SELECT NODE_NAME, FILESPACE_NAME, FILESPACE_TYPE, CAPACITY AS "File System Size in MB", PCT_UTIL,
DECIMAL((CAPACITY * (PCT_UTIL / 100.0)), 10, 2) AS "MB of Active Files"
FROM FILESPACES ORDER BY NODE_NAME, FILESPACE_NAME
* apply deduplication ratios and estimate total needed addressable space
==== Blackhawk Facts ====
Assessing TSM blackhawk makeup. If we left the large servers listed on the right behind on blackhawk (for now), the VTL front end host could have 2 instances of about 15 TB, one for macs, the other for windows clients. Roughly balanced, except for the database object counts which seems heavily skewed towards macs.
^FILESYSTEM STORAGE^^^^
^TYPE ^ TALLY ^ SIZE^ ^
| linux | 6 | 5,738,155 | (2.2T vishnu, 3.2T scooby) |
| mac | 315 | 17,145,231 | (1.5T lo_studio, 1.6T communications) |
| sun | 2 | 16,287 | |
| windows | 829 | 19,321,974 | (0.8T video03, 1T gvothvideo04, 1.2T gvothlab2) |
| unknown | 44 | 0 | |
| TOTALS | 1,196 | 42,221,647 | |
^DB OBJECTS^^^^
^ TYPE ^ OBJECTS ^ ^
| linux | 15,296,322 | (10M vishnu, 3.2M scooby) |
| mac | 127,061,815 | (0.5M lo_studio, 0.9M communications) |
| sun | 148,361 | |
| windows | 99,897,539 | (1M video03, 9.7M gvothvideo04, 7.9M gvothlab2) |
| unknown | 0 | |
| TOTALS | 242,404,037 | |
==== Facts To Provide ====
To fill out the site survey, a few bits of information:
* Where will the DXi physically be located?

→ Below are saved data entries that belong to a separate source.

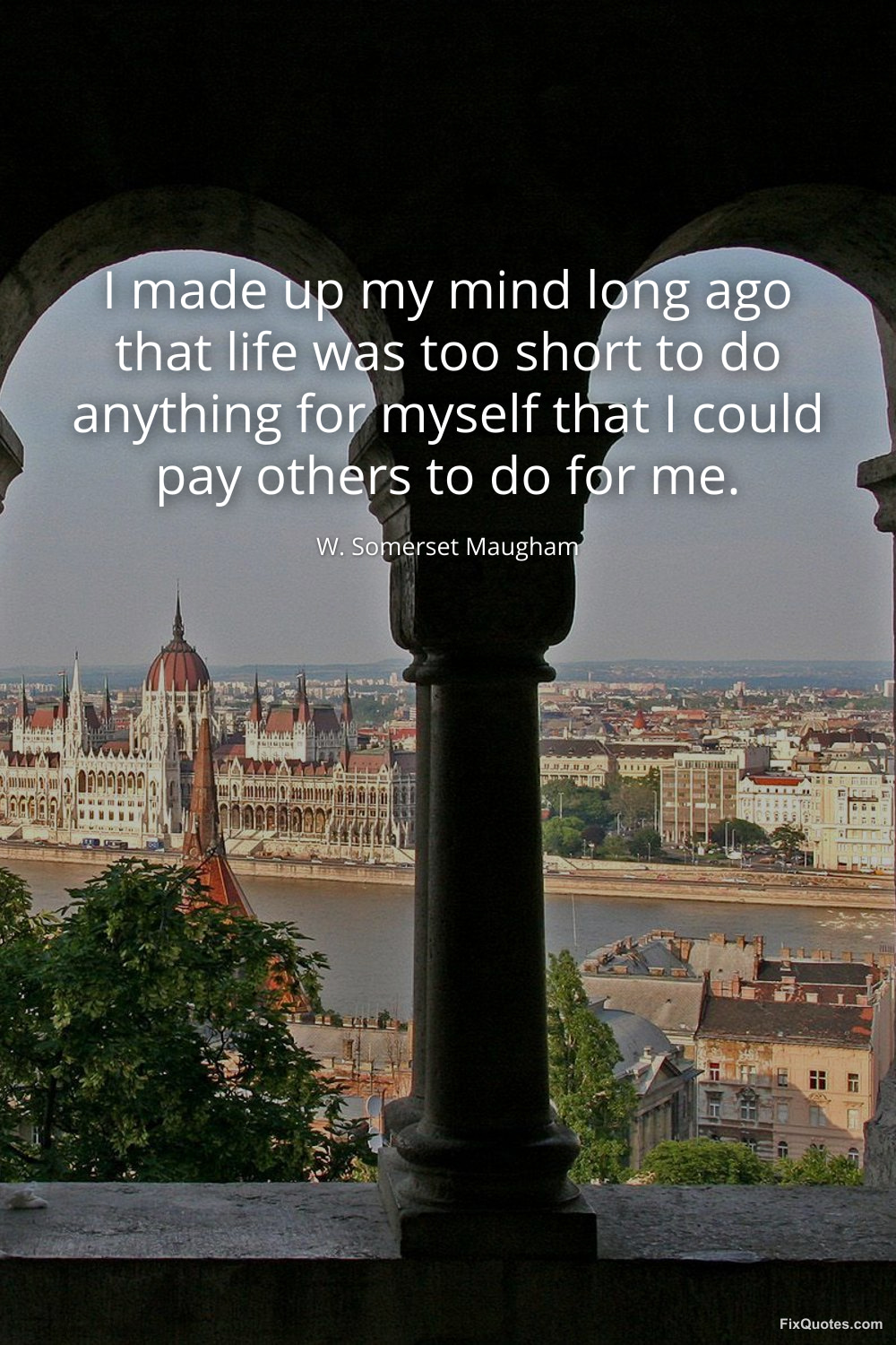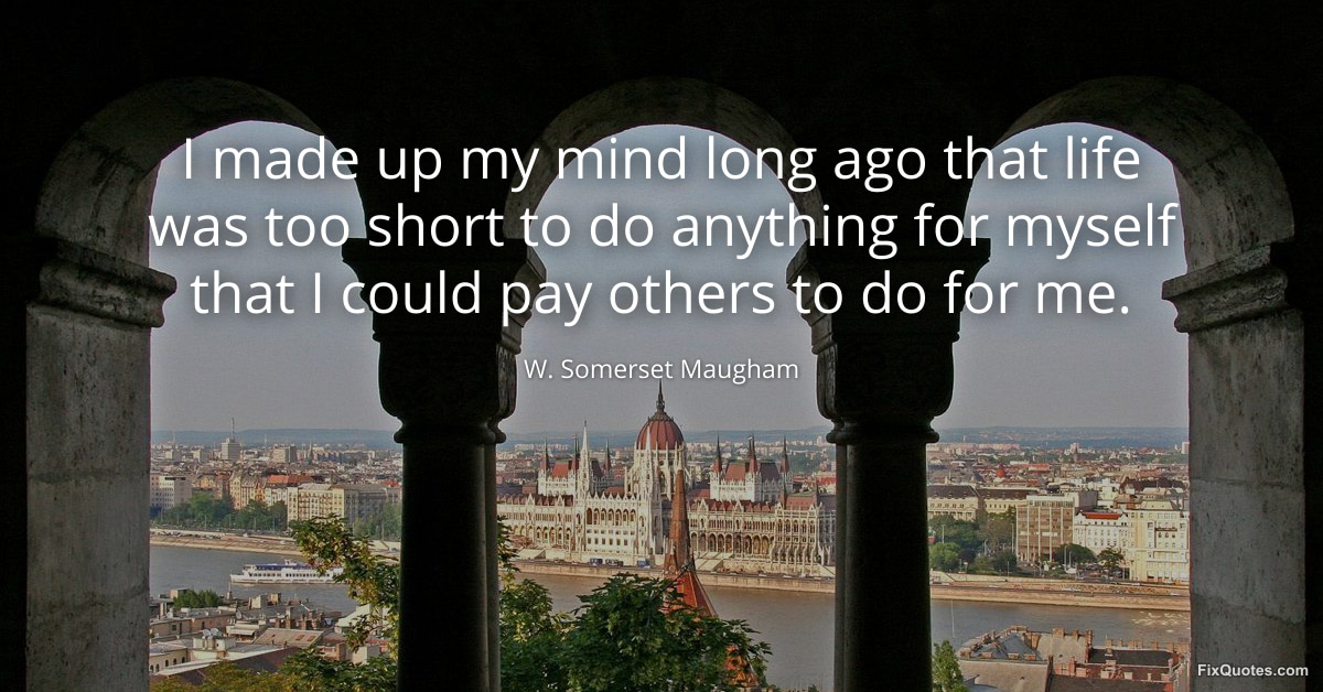 Maugham, W. Somerset. (2026, January 18). I made up my mind long ago that life was too short to do anything for myself that I could pay others to do for me. FixQuotes. https://fixquotes.com/quotes/i-made-up-my-mind-long-ago-that-life-was-too-2624/
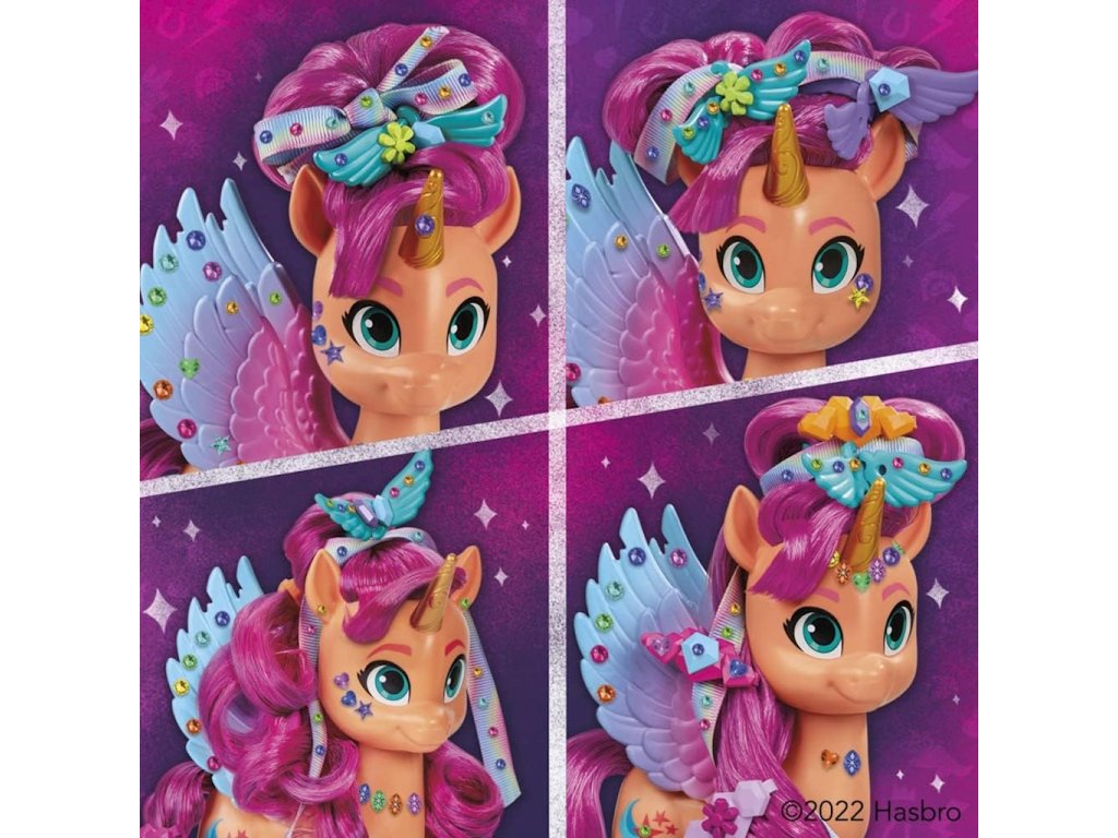 Sunny Starscout. Zvědavá, dobrodružná a odhodlaná změnit svět k lepšímu.Sada poníka Sunny s módní stuhou je stylový balíček pro dívky, které chtějí zkrášlit a stylizovat své My Little Pony. Pomocí doplňků si můžeš vytvořit nápadité účesy se zakomponovanou duhovou stuhou nebo originální účesy. Ozdob Sunnyiny dlouhé, snadno upravitelné vlasy krystalky, sponkami a samolepkami! K dispozici je spousta módních vychytávek! Vytvářejte jedinečné účesy pomocí dvou nástrojů na účesy! Děti mohou pomocí těchto sponek vytvářet zábavné updaty ve vlasech a hřívě samotné Sunny. Rozčesej Sunny vlasy, vytvoř jí účes jako z jiného světa a ozdob si koníka samolepkami, abys přizpůsobil vzhled svého alicorna. Nyní se pochlubte svým kamarádům!
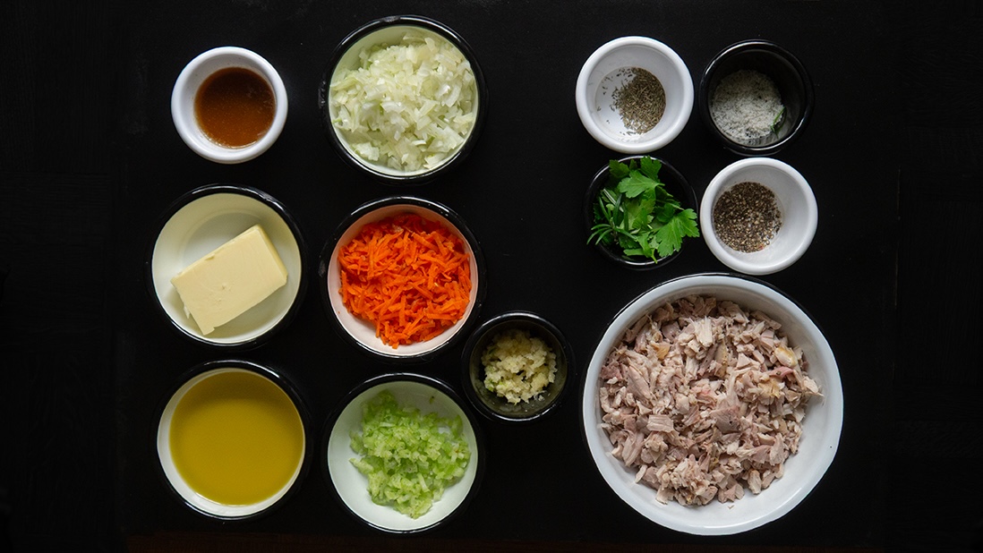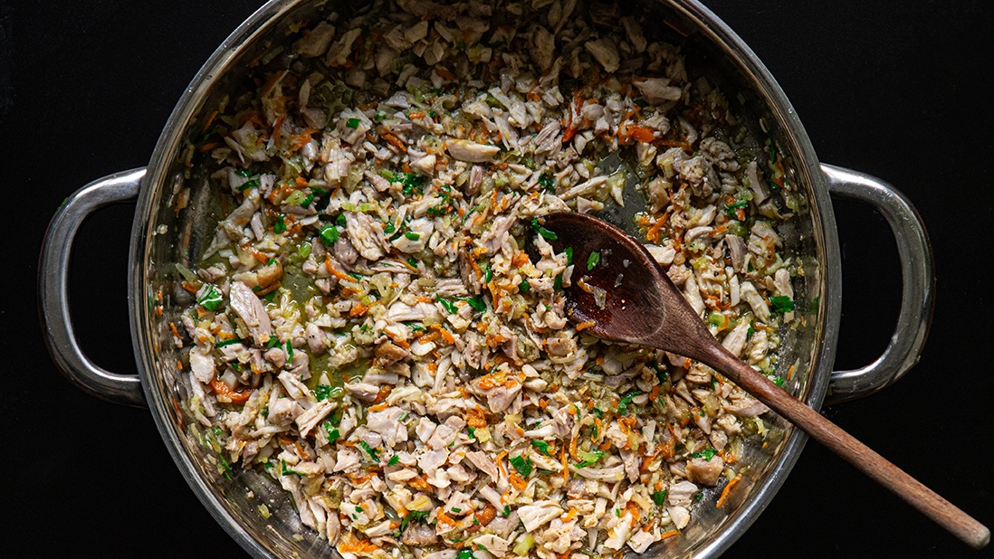 - 250g (2 tasses) de poulet rôti, effiloché et haché
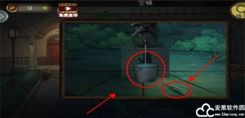3、先用螺丝刀修稿水龙头,再拿铁桶接水,把水倒进树洞内,就可以得到蘑菇铜卡
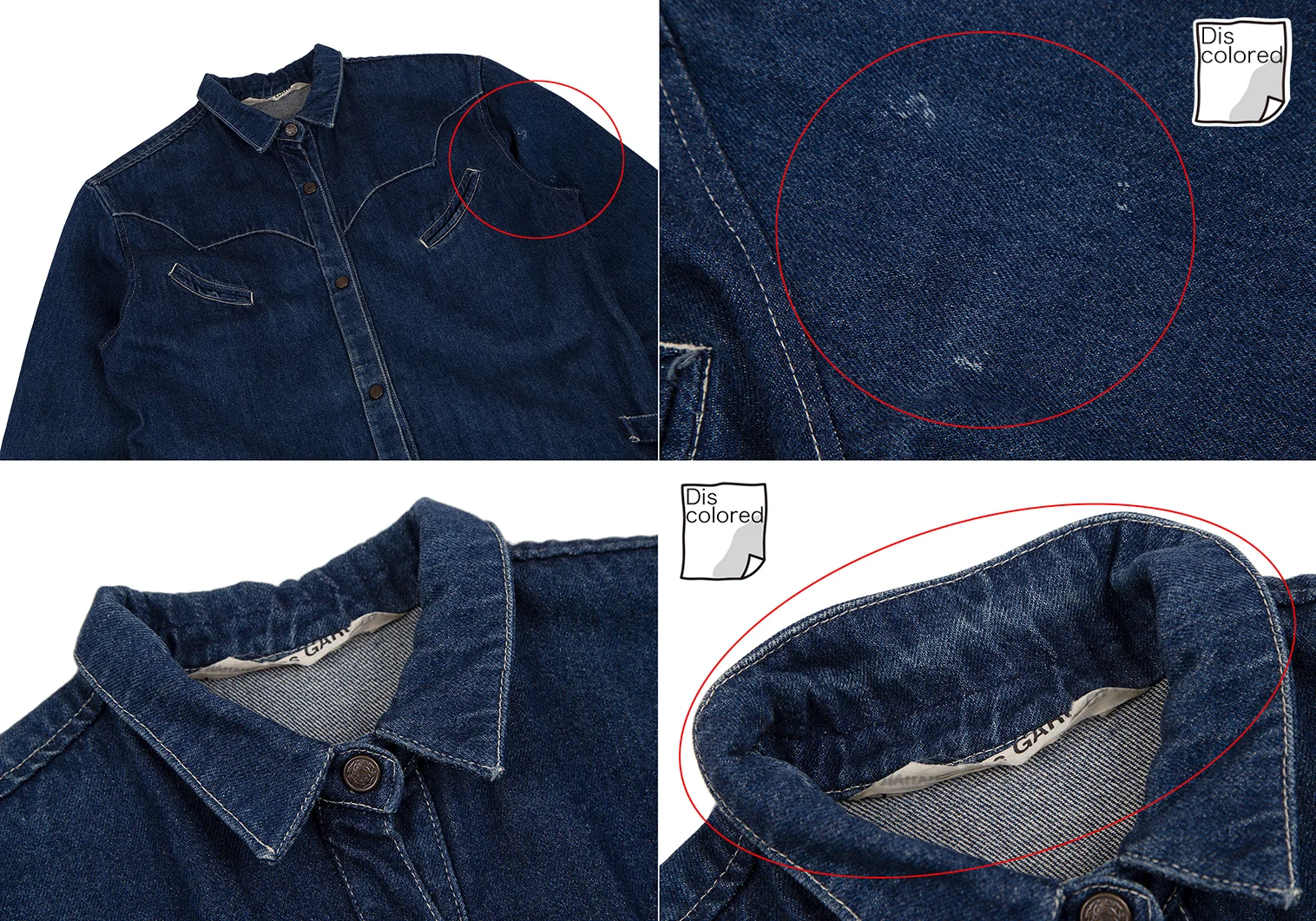 左袖・襟裏・袖裏に色褪せ、前身頃に引っかけがあります。(画像参照)その他目立ったシミ、汚れ、ほつれ等なくいい状態です。クリーニング済み
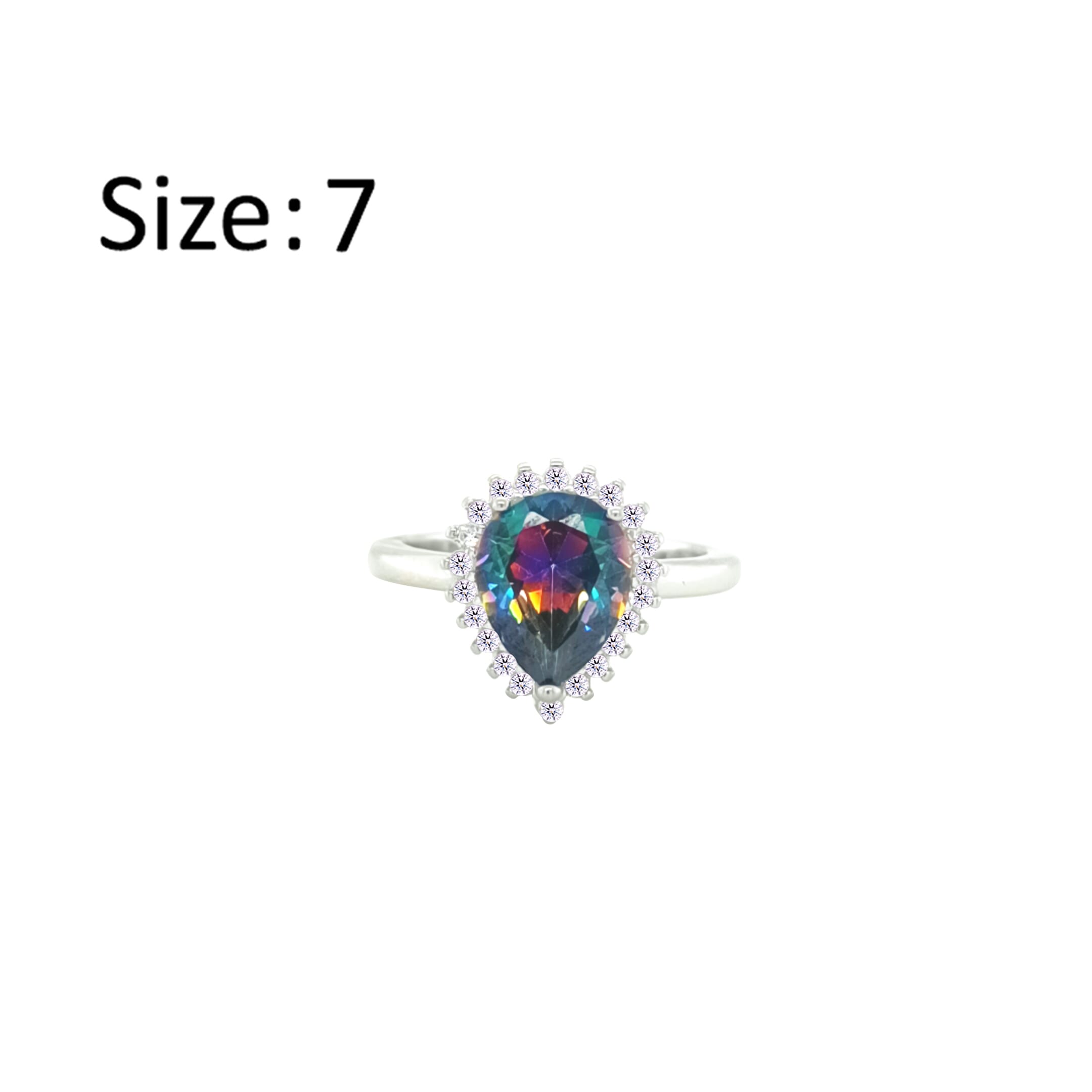 عصفور كريستال خاتم فضة عيار 925 بتصميم كمثري متعدد الالوان مرصع بالزركون - RD0201-AP-7
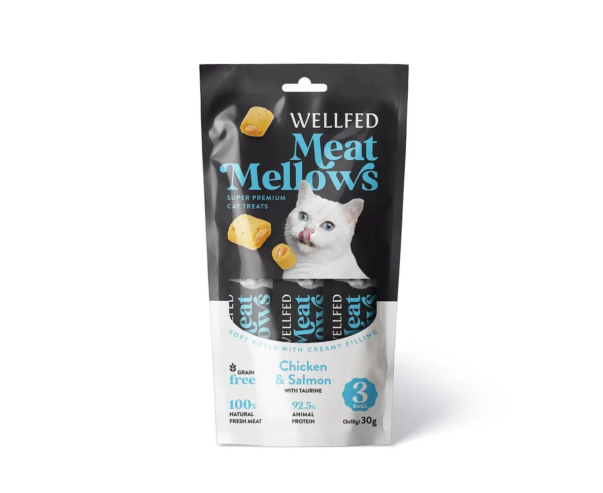 კატის სასუსნავი Wellfed 30გრ ქათამი და ორაგული
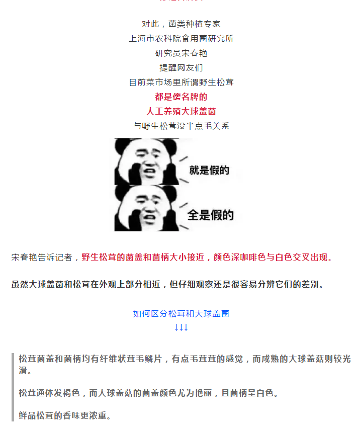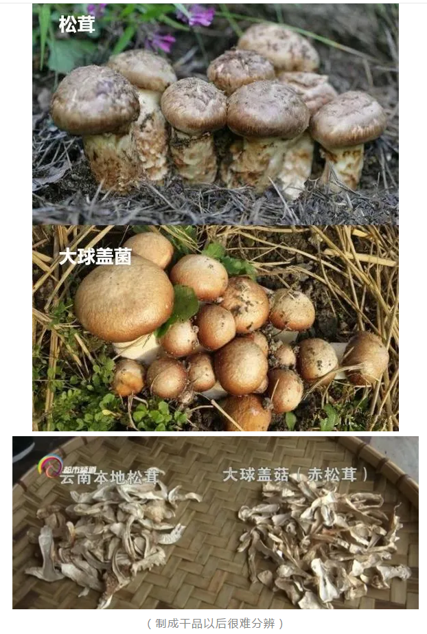 而大球盖菌,学名叫皱环球盖菇,由于外形有点像松茸,因此很多栽培户傍名牌将其冠为赤松茸、红松茸。为了更容易出手,部分栽培户、销售商索性直截了当称其为“松茸”,更有甚者称其为“野生松茸”。
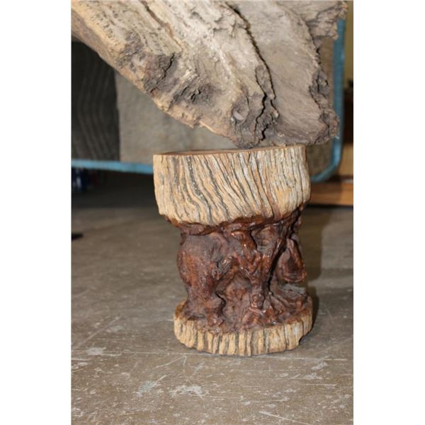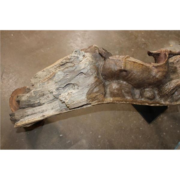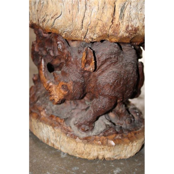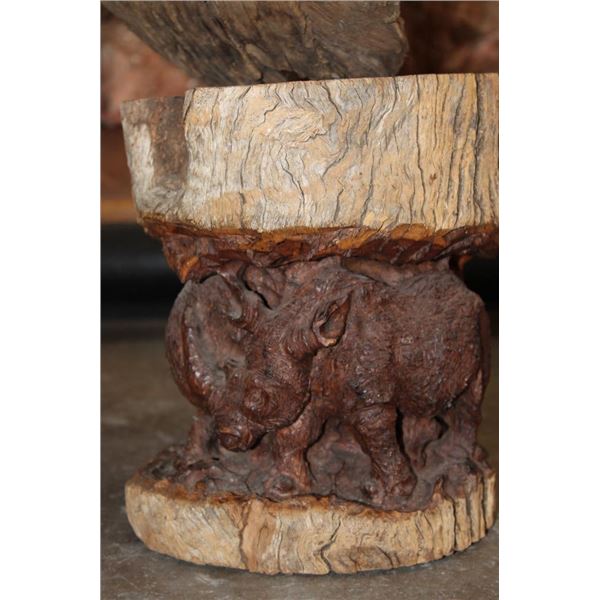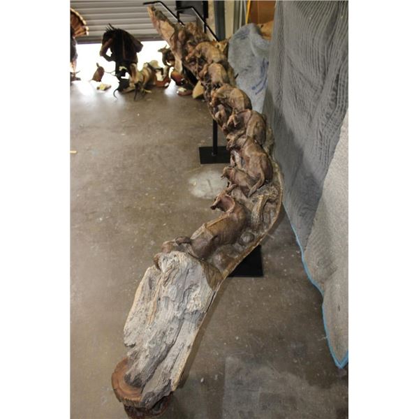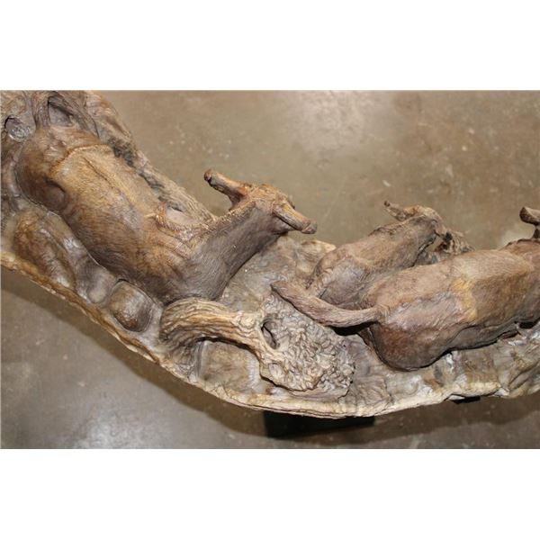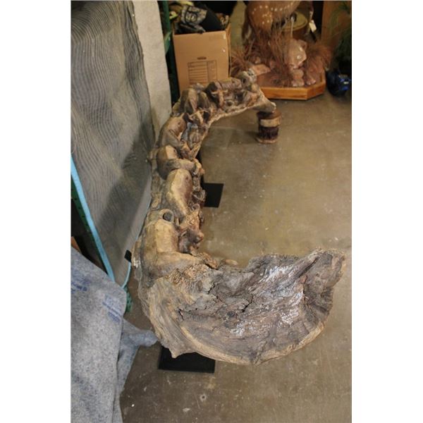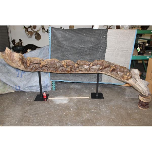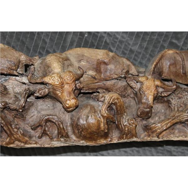 XXL 8' 10" Long Original Leadwood Carving of 3 CAPE BUFFALO and 4 WILDEBEEST by African artist Robert Nzali. The Sculpture has been masterfully carved from a single piece of a leadwood tree and measures 8'10" Long x 12" Thick x 48" Tall. It has been mounted on a Custom 2 piece Metal Stand Base with the 3rd Leg being part of the Leadwood sculpture. The sculpture is removable from the Base. COLLECTIBLE AFRICAN ART CARVINGS AND SCULPTURES

* Wesleyan University, Information Technology Services, Excley Science Center (Room 516, Data Center), 265 Church Street, Middletown, Connecticut 06459
* Who will be the primary contact (name/phone/email)?
* Administrative: Henk Meij, 860.685.3783, hmeij@wes
* Technical: Hong Zhu, 860.685.2542, hzhu@wes
* Are you directly connecting the fibre from the blade center to the DXI?
* Yes.
* How many virtual tape drives you plan to use in the DXI (up to 64)?
* If tape drive doesn't consume capacity, we would like to start with 50. What is Quantum's recommendation for production? As we like to backup clients directly to DXi during test period, i.e., no need to go to disk pool first. However, when in production, we would like clients go to diskpool then migrate to VTL as our nodes are beyond 64.
* Do you have a preferred virtual cartridge size in the DXI? (smaller cartridges tend to improve the granularity of restore - if you create 1TB cartridges, they are likely to be involved in a backup when you get a restore request, and you'll have to wait until the backup is done to get that cartridge; smaller cartridges limit this issue ... for example configure 40GB cartridges).
* 40Gb
* For the test, do you plan to mount this in a data center rack cabinet?
* Yes. If installed in top of rack, we have enough persons to lift it in place.
* What threshold do you use for tape reclamation?
* 55% on physical L3584, any recommendation for VTL tapes?
==== Facts To Ponder ====
During the last 3 months we experienced 300GB to 1TB of incremental data backup with average at ~850Gb... (most of them are compressed).
Also, here goes our backup policy:
**Desktop clients: **
* Files currently on client file system: 2
* Files deleted from client file system: 1
* Number of days to retain inactive version: No limit
* Number of days to retain the deleted version: 60
**Server clients, mainly two:**
**1)**
* Files currently on client file system: 2
* Files deleted from client file system: 1
* Number of days to retain inactive version: 30
* Number of days to retain the deleted version: 60
**2)**
* Files currently on client file system: 3
* Files deleted from client file system: 2
* Number of days to retain inactive version: No limit
* Number of days to retain the deleted version: 121
==== Goals & Objectives ====
* evaluate compression and deduplication ratios of the unit given 2 scenarios: tsm clients send data to be backed up compressed and not compressed. the hope is to achieve 2x for compression and 10x for deduplication, yielding a 20x factor for the useable space using client compression or not.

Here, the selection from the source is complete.